• [Activity]
Please output the lines from the one with "まだ誤差が残る方法ですが、CIP100で両面基板を作成することができました。" through the end of the data exactly as written, omitting all pictures.

[Supplied records — start]

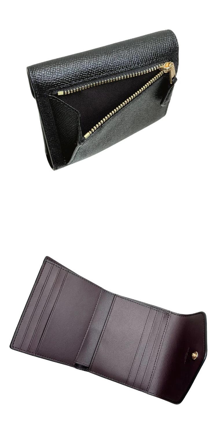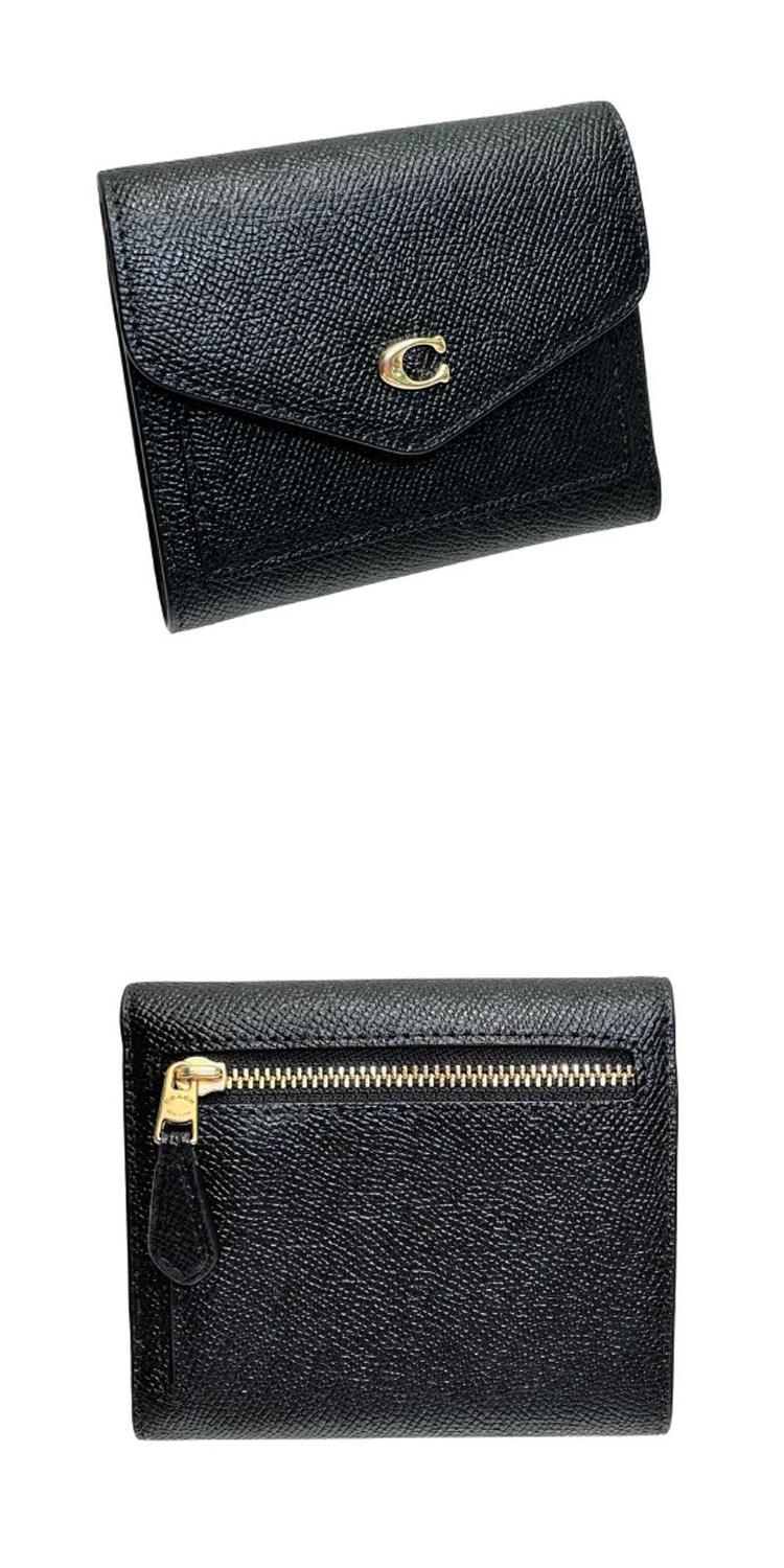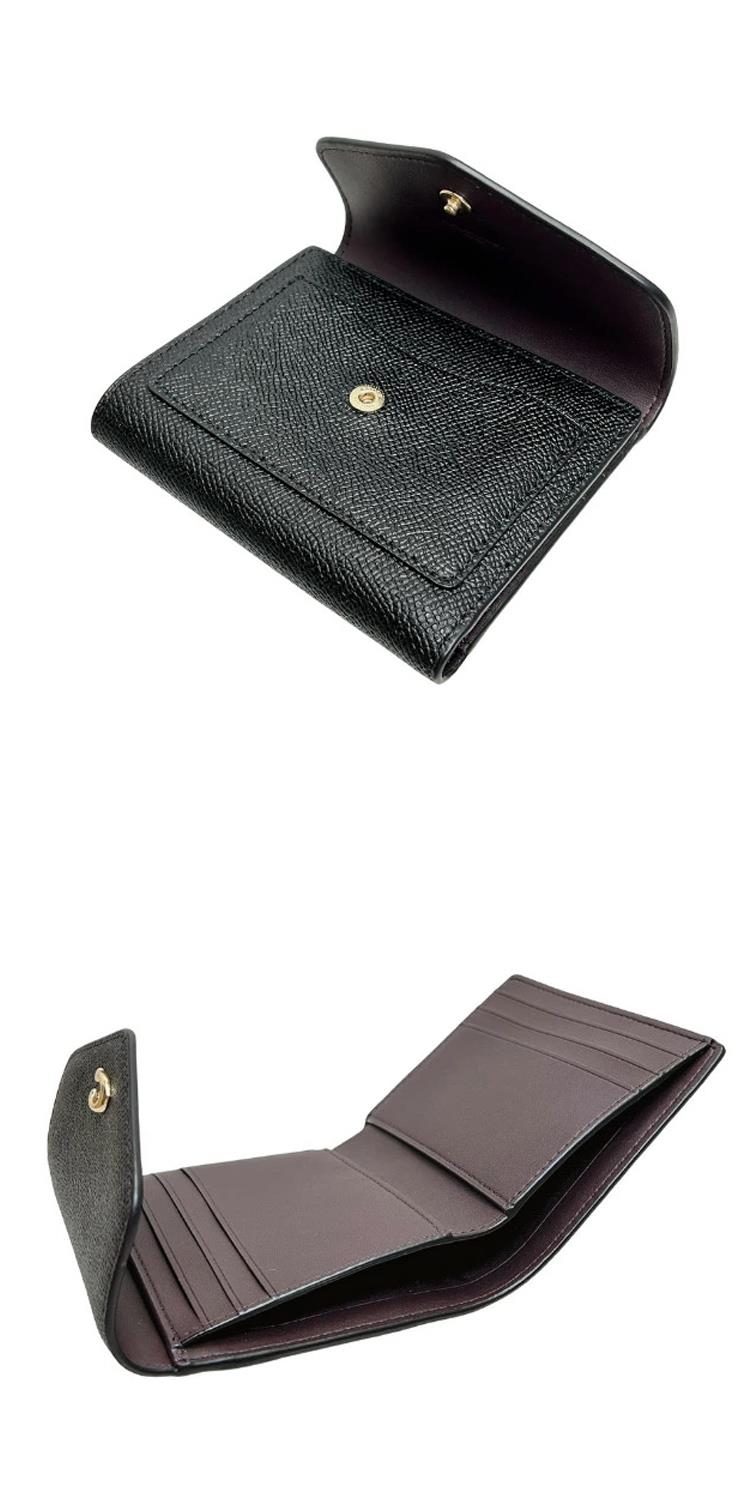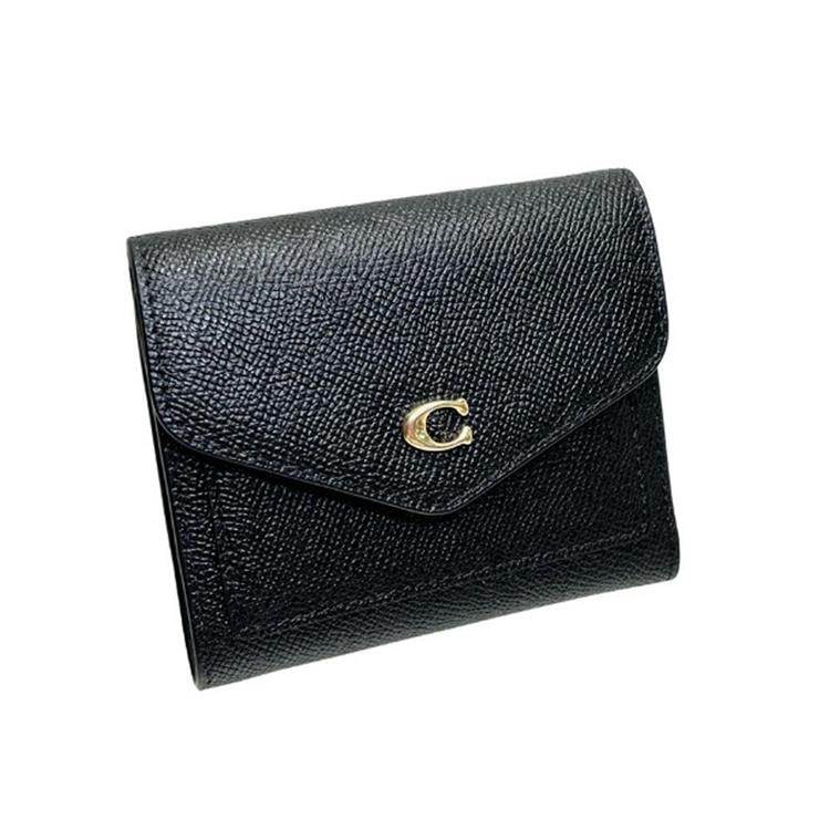 COACH 專櫃款十字紋素色按釦短夾-黑色
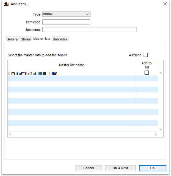 Note: cross reference items cannot be added to master lists so there is no Master lists tab. Their visibility cannot therefore be controlled by master lists but only by directly selecting the stores they are visible in on this stores tab.
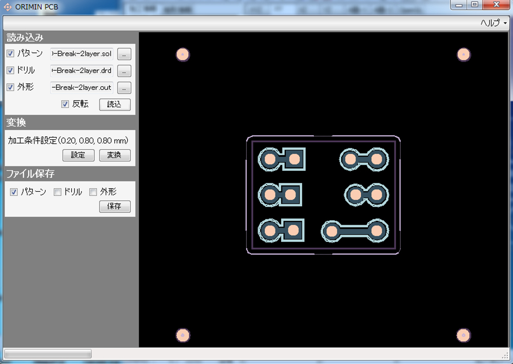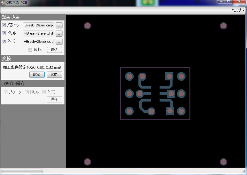 まだ誤差が残る方法ですが、CIP100で両面基板を作成することができました。
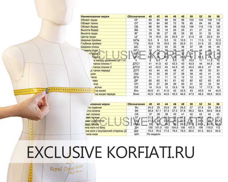 Сняв мерки с женской фигуры вы можете сравнить их с мерками, приведенными в таблицах ниже.
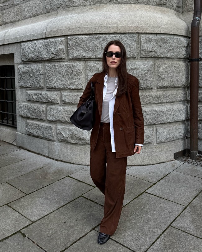 El pantalón marrón también se puede llevar con otras prendas del armario como una blusa como esta propuesta de la influencer Erea Louro. Los zuecos quedan genial y suman algunos centímetros a todos los conjuntos. El bolso shopper es un gran aliado y podemos incluir colores como el burdeos para agregar un aspecto más llamativo.

[Supplied records — finish]

• [Task response]
 まだ誤差が残る方法ですが、CIP100で両面基板を作成することができました。
 Сняв мерки с женской фигуры вы можете сравнить их с мерками, приведенными в таблицах ниже.
 El pantalón marrón también se puede llevar con otras prendas del armario como una blusa como esta propuesta de la influencer Erea Louro. Los zuecos quedan genial y suman algunos centímetros a todos los conjuntos. El bolso shopper es un gran aliado y podemos incluir colores como el burdeos para agregar un aspecto más llamativo.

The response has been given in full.